### WORK ORDER
Below are records with pictures. Reproduce exactly the lines from the line with "He’s joined by" to the line with "Dashboard VR - Dashboard", inclusive, and leave each picture out.

### GIVEN ENTRIES
○ ○ ○
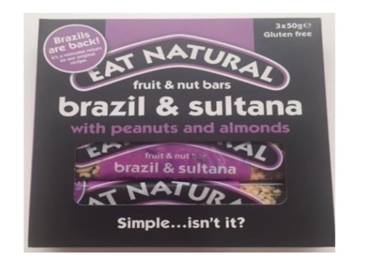 Hand2mouth Ltd heeft besloten om Eat Natural Brazil & sultana with peanuts and almonds 50 gram bar 50676262, 3x 50 gram Multi-pack 5013803001315 en 12x 50 gram Counter pack 50138803621247 met alle houdbaarheidsdata per direct uit de winkelschappen te halen vanwege de mogelijke aanwezigheid van salmonella, afkomstig van een van de ingrediënten, geleverd door een toeleverancier.
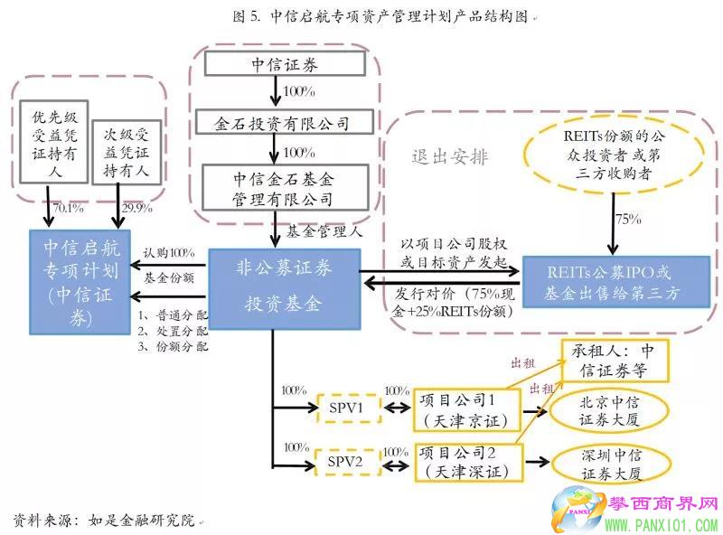而規(guī)范的金融產品,盡管其結構設計較為復雜,卻有容易變現(xiàn)的底層資產作為保障。以國內首只REITs中信啟航為例,其資產結構較為復雜,卻十分清晰,擁有北京、深圳的中信證券大廈的租金收入作為底層資產。在這一產品中,中信證券首先在天津注冊成立兩家全資子公司——天津京證、天津深證,然后將北京中信證券大廈、深圳中信證券大廈的房地產權屬分別過戶天津京證、天津深證,之后再將天津京證、天津深證的全部股權轉讓給中信金石基金管理有限公司擬發(fā)起設立的非公募基金的全資孫公司中信金石基金。中信金石基金作為非公募基金的投資載體,向中信證券收購天津京證和天津深證的股權,以達到為非公募基金的投資者提供投資業(yè)務的目的。另一方面,中信證券成立中信啟航專項資產管理計劃,募集資金100%認購基金份額,按70.1%:29.9%的比例劃分為優(yōu)先級和次級,向非公募基金出資。項目公司獲取的租金收入用于分配專項資管計劃的收入。
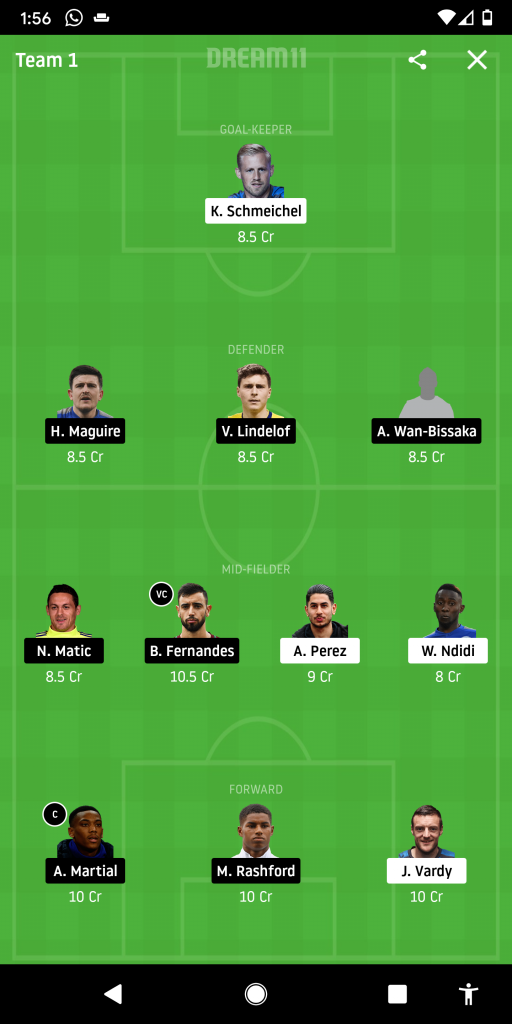 He’s joined by CDM Wilfred Ndidi who has been handed over an elevated role off late to safeguard his side’s defence at a time when the club is fraught with injuries. Manchester United on the other hand see us opt for Bruno Fernandes who has 7 assists this season inside the space of 3 months with Matic coming up along with him.
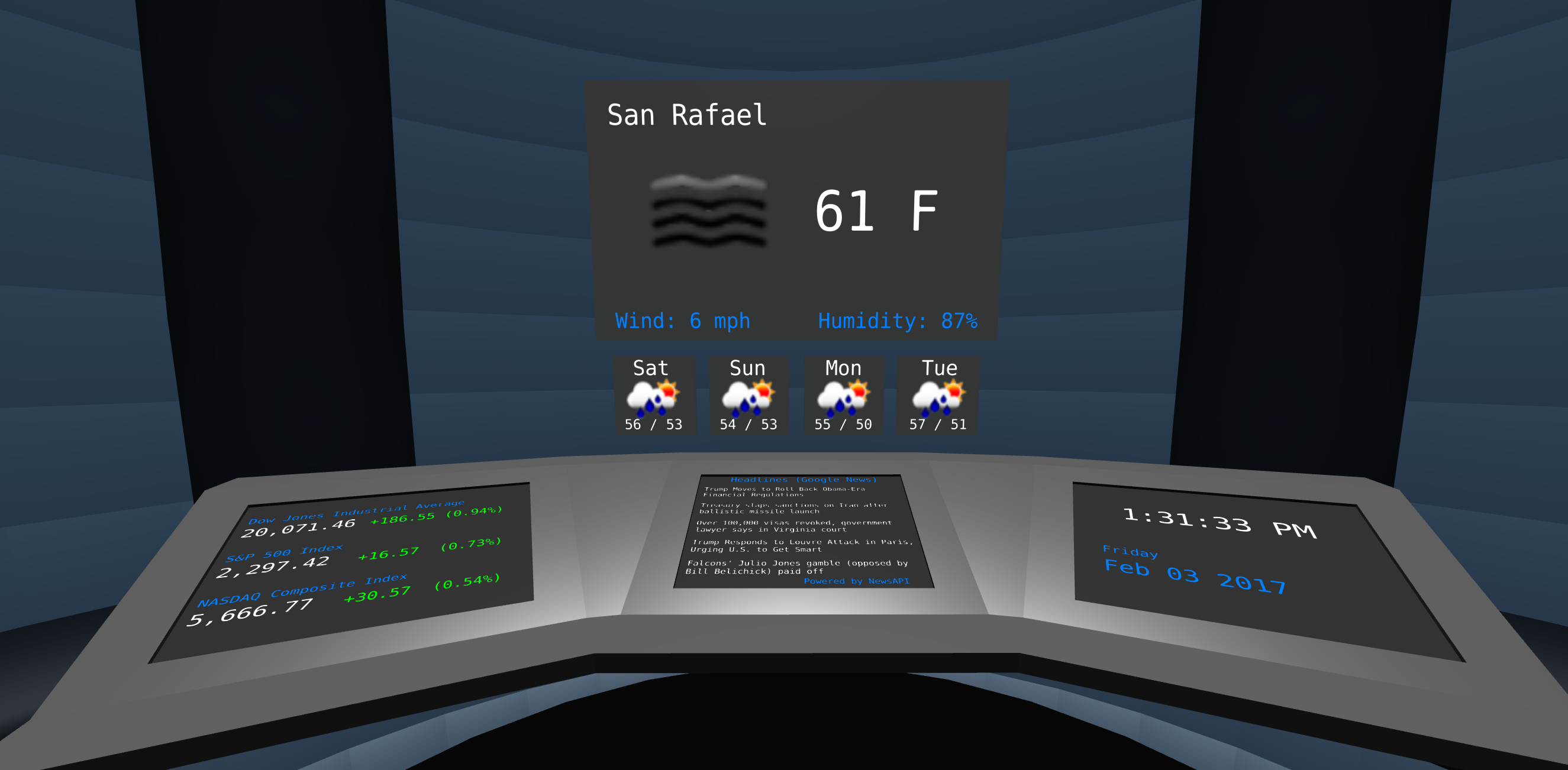 Dashboard VR - Dashboard VR is a WebVR experience that displays real time local information to the user. By @valcourgames.
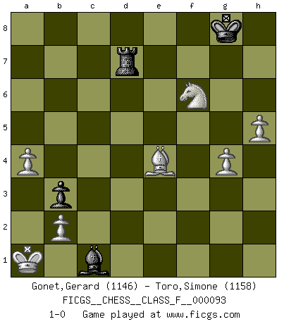Last move : 1-0 2011 March 13 20:14:10 [Event "FICGS__CHESS__CLASS_F__000093"] [Site "FICGS"] [Date "2011.03.02"] [Round "1"] [White "Gonet,Gerard"] [Black "Toro,Simone"] [Result "1-0"] [WhiteElo "1146"] [BlackElo "1158"] 1.d4 Nf6 2.f3 Nc6 3.Nc3 d5 4.e4 dxe4 5.Bf4 a6 6.Qd2 Nxd4 7.O-O-O Bf5 8.Bc4 e6 9.Qxd4 Be7 10.fxe4 Bg4 11.Qxd8+ Rxd8 12.Rxd8+ Bxd8 13.h3 Bh5 14.g4 Bg6 15.Nf3 Nxe4 16.Nxe4 Bxe4 17.Rf1 O-O 18.Ng5 h6 19.Nxe4 Kh8 20.Be5 b5 21.Bb3 f6 22.Bxe6 Re8 23.Bf5 Rxe5 24.Rd1 Re8 25.Nc5 c6 26.Nxa6 Bb6 27.Nb4 c5 28.Nd5 Ba7 29.Nc7 Rb8 30.Rd7 b4 31.Ne6 Bb6 32.Rxg7 c4 33.Rh7+ Kg8 34.Rxh6 Be3+ 35.Kb1 Bxh6 36.h4 Rb5 37.Nc7 Re5 38.a4 b3 39.cxb3 cxb3 40.Ka1 Bc1 41.h5 Re1 42.Bb1 Re7 43.Nd5 Rf7 44.Be4 Rd7 45.Nxf6+ 1-0 Paleface attack Queenside Castling by player White (move 7) Kingside Castling by player Black (move 17) Player White won this chess game. Follow this game move after move (download)Chess is so inspiring that I do not believe a good player is capable of having an evil thought during the game. (Wilhelm Steinitz) Matt entspricht nicht immer den Tatsachen. (Savielly Grigorievitsch Tartakower) El tablero es el mundo, las piezas es el fenomeno del universo, las reglas del juego son lo que llamamos leyes de la naturaleza y el jugador del lado opuesto, se encuentra oculto a nuestra vista. (Thomas Huxley) Un millionnaire : 'Monsieur Steinitz ! Vous ne participez aux tournois que pour l'argent, alors que moi je n'y viens que pour l'honneur.' Steinitz : 'Chacun joue pour ce qu'il n'a pas'... Beta. Software undergoes beta testing shortly before it's released. Beta is latin for still doesn't work. (Anonymous)
○ ○ ○
### THE ANSWER
 He’s joined by CDM Wilfred Ndidi who has been handed over an elevated role off late to safeguard his side’s defence at a time when the club is fraught with injuries. Manchester United on the other hand see us opt for Bruno Fernandes who has 7 assists this season inside the space of 3 months with Matic coming up along with him.
 Dashboard VR - Dashboard VR is a WebVR experience that displays real time local information to the user. By @valcourgames.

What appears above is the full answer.